Well, now... it isn't every day in engineering that you can call the first shot a complete, raving success. This was. With the H-Valve removed and the proto installed, it took about 5 minutes of 1300 RPM converter stall to push Lola's CVT to 175F, then nearly 20 minutes more to push her to 194F. Within 5 minutes of releasing the stall, she was cucumber-cool again at 165F. The latter is what I was really looking for, proof that with the heat injection to the beehive halted, the Hayden and OE exchanger are vastly more efficient. Without the solenoid, the same cooling took almost 20 minutes. That means on the highway with many times more forced air flowing through, they should have no problem keeping the temperature under tight control. The testing took all day, but color me happy as a pig in slop.
The only problems I found were purely mechanical. The solenoid assembly wouldn't fit behind the fill tube and needed to be wormed around it to get into place. That may not be possible on the RE0F09's where there's more crap in the 3-pound bag, so it will definitely be necessary to notch the bracket and allow it to be "turned" in at 90 degrees. Other than that, everything should fit as planned. The lower hose to the existing thermostat will get cut back about 3" and the upper hose extended 3~4" with a coupler. The sensor will just require cutting the hose about 2" from the hive and inserting the tee.
These pics were taken looking through the lefthand wheel well with the cover pulled back. Once the bracket design is straightened out, the installation should be a 2~3 hour job.
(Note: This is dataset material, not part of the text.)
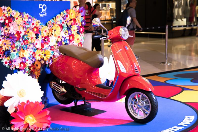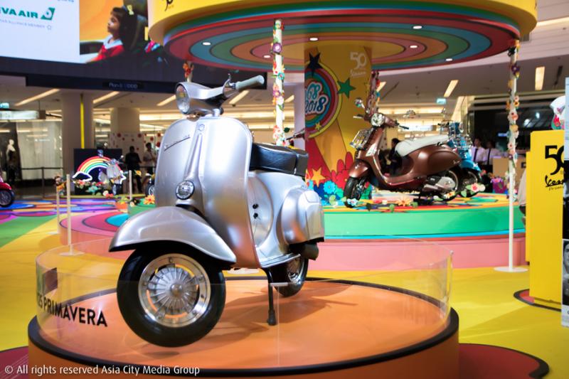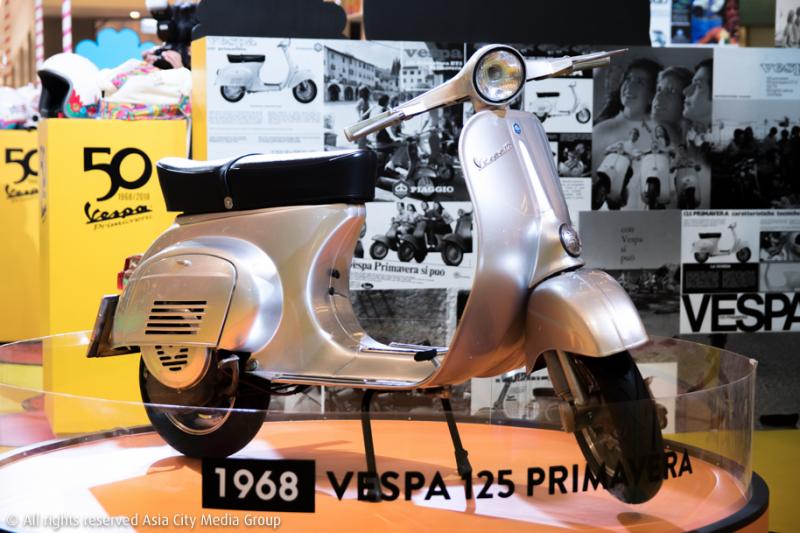 ความเก๋ไก๋อีกอย่างคือเขายังเอาเวสป้าอิดิชั่นพิเศษ Vespa Primavera 50th Anniversary Edition ที่ผลิตออกมาฉลองการครบรอบ 50 ปีของเวสป้าตระกูลพรีมาเวร่ามาตั้งเทียบกับรุ่นแรกให้ดูถึงพัฒนาการและการเปลี่ยนแปลงกันไปเลย ซึ่งเจ้าเวสป้าอิดิชั่นพิเศษนี้ ได้แรงบันดาลมาจาก Vespa Primavera ต้นฉบับปี 1968 ผสมผสานกับความทันสมัยของรถสกู๊ตเตอร์เวสป้าต้นแบบ Vespa 946 นั่นเอง แอบกระซิบว่าเขาผลิตออกมาเพียง 400 คันเท่านั้นด้วยนะ (สีน้ำตาลด้าน กับสีฟ้า อย่างละ 200 คัน) อยากได้ก็ต้องจับจองแล้วล่ะ

Ignore the pink and white wires, the pink was my temporary power jumper and the white was for a kluje-wired status LED that won't exist on the final version. I removed the solenoid assembly after the test but left the sensor in place, Lola will definitely get a permanent installation once the design is finalized:
Vis the accuracy, the Ford sensors worked almost exactly to spec, changeover thresholds were within 3F across the board compared to readings from CVTz50. The next step is to order a panel of "production" PCB's and see if I can find someone local to machine or plasma-cut brackets. In the meantime, I only need one of the two protos. If anyone wants to be a guinea pig and figure out their own mounting scheme, I'll part with it for the cost of the components. I'll figure that out if one of you wants it, but it should be under $100.